§ **Records provided**

- - -

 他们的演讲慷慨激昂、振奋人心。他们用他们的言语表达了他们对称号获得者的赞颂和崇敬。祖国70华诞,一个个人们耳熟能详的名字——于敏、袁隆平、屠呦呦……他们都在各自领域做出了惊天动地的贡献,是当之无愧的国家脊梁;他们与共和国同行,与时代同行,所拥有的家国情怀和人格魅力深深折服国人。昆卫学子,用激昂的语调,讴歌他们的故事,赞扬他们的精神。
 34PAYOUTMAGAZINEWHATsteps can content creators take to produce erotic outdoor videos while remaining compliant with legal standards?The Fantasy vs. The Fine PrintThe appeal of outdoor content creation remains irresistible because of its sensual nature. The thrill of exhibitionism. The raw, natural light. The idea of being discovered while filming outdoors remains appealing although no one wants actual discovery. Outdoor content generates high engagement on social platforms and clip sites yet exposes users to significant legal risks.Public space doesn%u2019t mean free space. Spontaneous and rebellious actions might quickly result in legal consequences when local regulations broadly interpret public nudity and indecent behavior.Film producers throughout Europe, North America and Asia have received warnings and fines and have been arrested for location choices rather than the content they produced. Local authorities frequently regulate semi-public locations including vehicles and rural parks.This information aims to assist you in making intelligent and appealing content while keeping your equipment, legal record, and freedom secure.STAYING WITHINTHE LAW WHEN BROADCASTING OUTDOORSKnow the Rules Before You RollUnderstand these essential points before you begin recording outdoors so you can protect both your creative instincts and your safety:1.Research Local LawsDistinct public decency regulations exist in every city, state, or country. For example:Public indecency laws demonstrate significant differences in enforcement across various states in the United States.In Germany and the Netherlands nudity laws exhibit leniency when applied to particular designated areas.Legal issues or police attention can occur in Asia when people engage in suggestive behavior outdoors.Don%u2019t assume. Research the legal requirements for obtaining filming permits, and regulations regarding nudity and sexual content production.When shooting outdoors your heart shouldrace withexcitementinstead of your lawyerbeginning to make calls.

- - -

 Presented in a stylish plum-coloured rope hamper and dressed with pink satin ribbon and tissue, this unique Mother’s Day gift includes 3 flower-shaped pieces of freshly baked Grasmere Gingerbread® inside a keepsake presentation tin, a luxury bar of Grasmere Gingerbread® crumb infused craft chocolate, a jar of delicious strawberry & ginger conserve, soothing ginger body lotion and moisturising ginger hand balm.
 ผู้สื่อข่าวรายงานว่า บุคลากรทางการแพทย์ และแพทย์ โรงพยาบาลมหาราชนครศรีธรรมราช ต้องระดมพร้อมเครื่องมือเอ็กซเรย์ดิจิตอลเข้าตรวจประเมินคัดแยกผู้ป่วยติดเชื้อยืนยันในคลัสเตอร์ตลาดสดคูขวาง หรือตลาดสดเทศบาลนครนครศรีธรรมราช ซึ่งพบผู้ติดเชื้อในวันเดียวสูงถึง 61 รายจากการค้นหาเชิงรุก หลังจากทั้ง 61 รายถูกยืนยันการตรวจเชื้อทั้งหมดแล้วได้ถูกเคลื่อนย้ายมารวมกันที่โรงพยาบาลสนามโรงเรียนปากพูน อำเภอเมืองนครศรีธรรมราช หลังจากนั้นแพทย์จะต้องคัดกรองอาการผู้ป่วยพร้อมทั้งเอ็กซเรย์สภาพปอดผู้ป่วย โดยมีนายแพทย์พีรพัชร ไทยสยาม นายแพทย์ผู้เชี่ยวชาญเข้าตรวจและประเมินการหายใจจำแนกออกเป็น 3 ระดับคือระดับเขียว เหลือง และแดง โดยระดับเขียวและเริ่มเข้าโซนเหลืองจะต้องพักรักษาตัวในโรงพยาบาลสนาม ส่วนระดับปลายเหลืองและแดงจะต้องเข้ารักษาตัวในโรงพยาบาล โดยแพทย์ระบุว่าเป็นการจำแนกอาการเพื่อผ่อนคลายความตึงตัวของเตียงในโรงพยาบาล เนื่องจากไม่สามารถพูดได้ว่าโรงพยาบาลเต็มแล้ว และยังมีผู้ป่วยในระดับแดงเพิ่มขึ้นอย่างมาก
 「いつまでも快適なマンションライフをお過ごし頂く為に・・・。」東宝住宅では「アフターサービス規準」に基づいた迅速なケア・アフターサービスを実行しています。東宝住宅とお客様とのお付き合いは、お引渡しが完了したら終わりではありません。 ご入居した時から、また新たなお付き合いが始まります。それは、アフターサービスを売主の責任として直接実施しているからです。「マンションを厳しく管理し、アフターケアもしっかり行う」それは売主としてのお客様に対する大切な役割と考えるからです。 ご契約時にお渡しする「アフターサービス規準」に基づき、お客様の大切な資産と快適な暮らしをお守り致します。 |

- - -

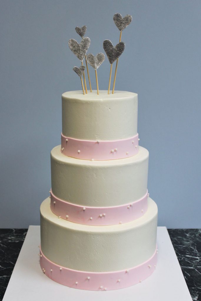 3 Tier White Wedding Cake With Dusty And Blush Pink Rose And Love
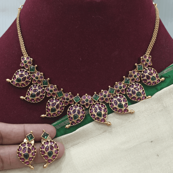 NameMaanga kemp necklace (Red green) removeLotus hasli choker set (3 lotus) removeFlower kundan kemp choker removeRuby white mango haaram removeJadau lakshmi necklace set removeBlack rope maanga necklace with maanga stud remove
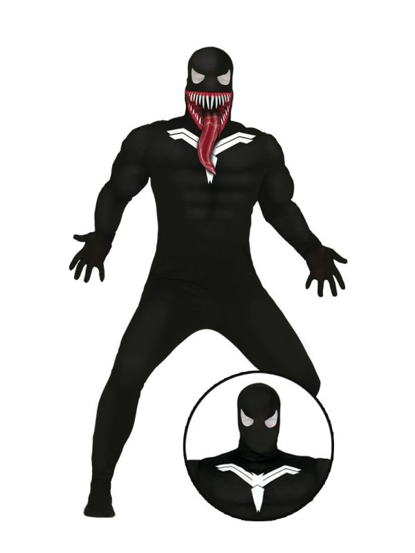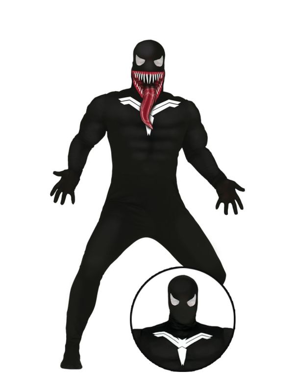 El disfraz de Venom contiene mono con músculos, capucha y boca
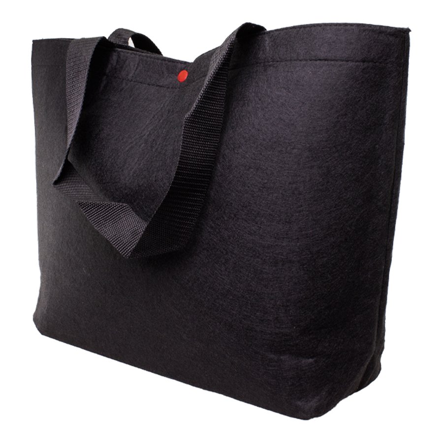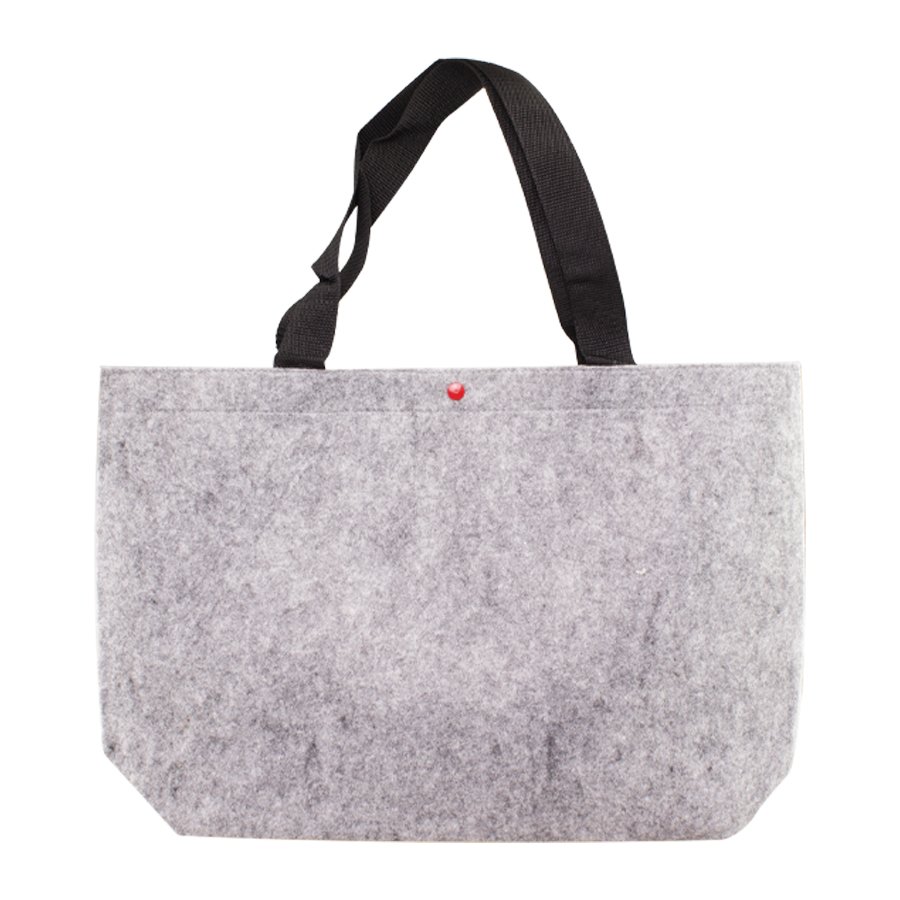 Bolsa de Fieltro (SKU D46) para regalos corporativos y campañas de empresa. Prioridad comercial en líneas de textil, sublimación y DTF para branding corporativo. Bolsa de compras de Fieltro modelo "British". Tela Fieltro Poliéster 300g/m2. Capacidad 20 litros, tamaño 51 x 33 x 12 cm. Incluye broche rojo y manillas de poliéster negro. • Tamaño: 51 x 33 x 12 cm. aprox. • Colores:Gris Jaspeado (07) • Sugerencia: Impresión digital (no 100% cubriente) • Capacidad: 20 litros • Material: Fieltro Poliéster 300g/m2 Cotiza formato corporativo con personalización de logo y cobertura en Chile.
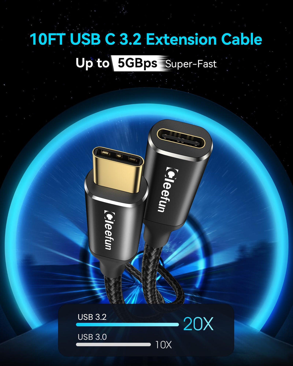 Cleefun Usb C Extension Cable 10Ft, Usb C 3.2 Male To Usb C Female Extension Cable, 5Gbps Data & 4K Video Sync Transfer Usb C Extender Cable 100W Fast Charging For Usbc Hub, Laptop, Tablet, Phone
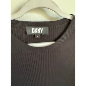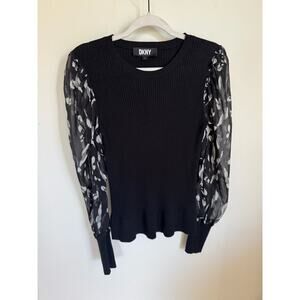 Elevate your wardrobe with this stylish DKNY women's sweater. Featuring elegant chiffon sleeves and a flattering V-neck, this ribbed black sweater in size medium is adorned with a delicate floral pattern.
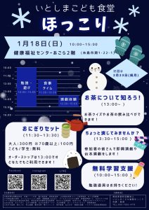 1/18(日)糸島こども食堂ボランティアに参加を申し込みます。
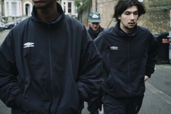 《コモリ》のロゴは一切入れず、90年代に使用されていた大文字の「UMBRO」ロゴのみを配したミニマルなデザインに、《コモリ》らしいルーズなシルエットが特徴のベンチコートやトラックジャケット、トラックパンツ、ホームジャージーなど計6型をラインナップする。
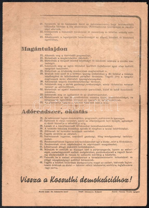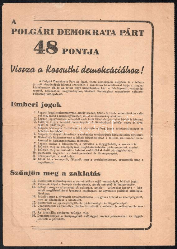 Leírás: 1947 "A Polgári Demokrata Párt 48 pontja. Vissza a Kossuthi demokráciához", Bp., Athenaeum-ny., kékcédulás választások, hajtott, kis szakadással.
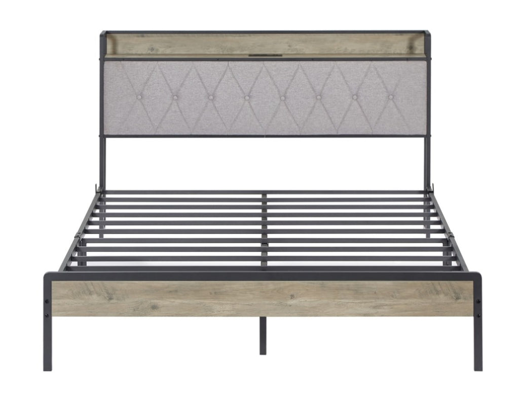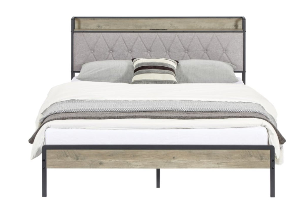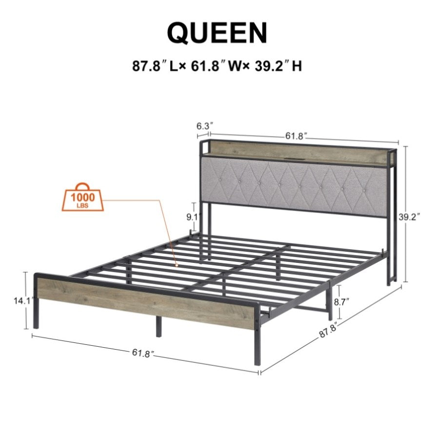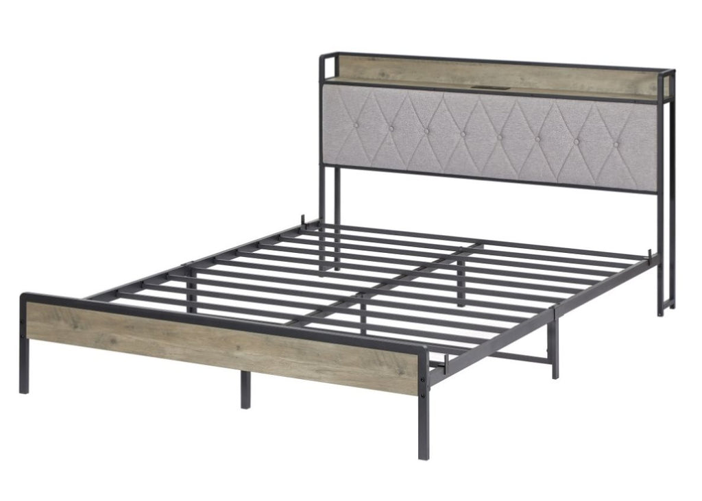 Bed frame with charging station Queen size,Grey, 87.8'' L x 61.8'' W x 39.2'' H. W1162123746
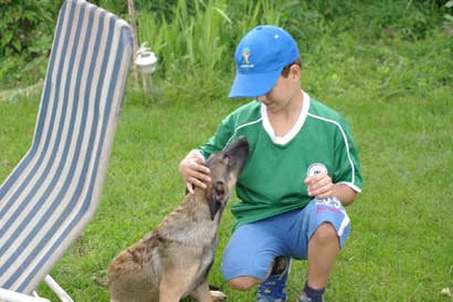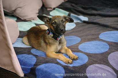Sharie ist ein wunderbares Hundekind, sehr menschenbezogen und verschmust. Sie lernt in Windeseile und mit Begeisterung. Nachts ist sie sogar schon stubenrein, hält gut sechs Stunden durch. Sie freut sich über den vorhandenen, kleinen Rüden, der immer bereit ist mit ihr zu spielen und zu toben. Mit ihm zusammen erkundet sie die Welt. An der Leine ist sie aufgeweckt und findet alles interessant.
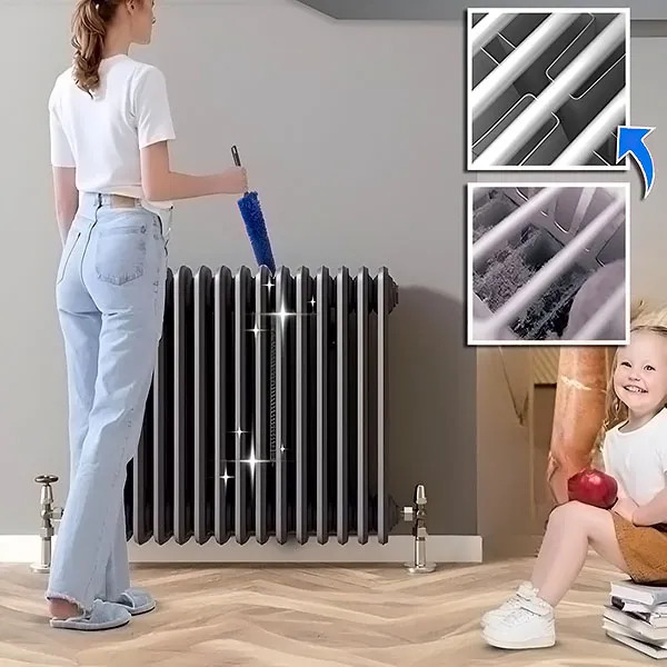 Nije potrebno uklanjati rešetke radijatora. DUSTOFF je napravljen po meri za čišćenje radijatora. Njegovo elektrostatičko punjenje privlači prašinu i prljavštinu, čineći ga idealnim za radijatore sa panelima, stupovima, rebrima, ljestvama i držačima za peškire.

- - -

Taking the entries above, extract every line from the one bearing "NameMaanga kemp necklace" through the one bearing "Sharie ist ein", exactly, with no pictures.

 NameMaanga kemp necklace (Red green) removeLotus hasli choker set (3 lotus) removeFlower kundan kemp choker removeRuby white mango haaram removeJadau lakshmi necklace set removeBlack rope maanga necklace with maanga stud remove
 El disfraz de Venom contiene mono con músculos, capucha y boca
 Bolsa de Fieltro (SKU D46) para regalos corporativos y campañas de empresa. Prioridad comercial en líneas de textil, sublimación y DTF para branding corporativo. Bolsa de compras de Fieltro modelo "British". Tela Fieltro Poliéster 300g/m2. Capacidad 20 litros, tamaño 51 x 33 x 12 cm. Incluye broche rojo y manillas de poliéster negro. • Tamaño: 51 x 33 x 12 cm. aprox. • Colores:Gris Jaspeado (07) • Sugerencia: Impresión digital (no 100% cubriente) • Capacidad: 20 litros • Material: Fieltro Poliéster 300g/m2 Cotiza formato corporativo con personalización de logo y cobertura en Chile.
 Cleefun Usb C Extension Cable 10Ft, Usb C 3.2 Male To Usb C Female Extension Cable, 5Gbps Data & 4K Video Sync Transfer Usb C Extender Cable 100W Fast Charging For Usbc Hub, Laptop, Tablet, Phone
 Elevate your wardrobe with this stylish DKNY women's sweater. Featuring elegant chiffon sleeves and a flattering V-neck, this ribbed black sweater in size medium is adorned with a delicate floral pattern.
 1/18(日)糸島こども食堂ボランティアに参加を申し込みます。
 《コモリ》のロゴは一切入れず、90年代に使用されていた大文字の「UMBRO」ロゴのみを配したミニマルなデザインに、《コモリ》らしいルーズなシルエットが特徴のベンチコートやトラックジャケット、トラックパンツ、ホームジャージーなど計6型をラインナップする。
 Leírás: 1947 "A Polgári Demokrata Párt 48 pontja. Vissza a Kossuthi demokráciához", Bp., Athenaeum-ny., kékcédulás választások, hajtott, kis szakadással.
 Bed frame with charging station Queen size,Grey, 87.8'' L x 61.8'' W x 39.2'' H. W1162123746
Sharie ist ein wunderbares Hundekind, sehr menschenbezogen und verschmust. Sie lernt in Windeseile und mit Begeisterung. Nachts ist sie sogar schon stubenrein, hält gut sechs Stunden durch. Sie freut sich über den vorhandenen, kleinen Rüden, der immer bereit ist mit ihr zu spielen und zu toben. Mit ihm zusammen erkundet sie die Welt. An der Leine ist sie aufgeweckt und findet alles interessant.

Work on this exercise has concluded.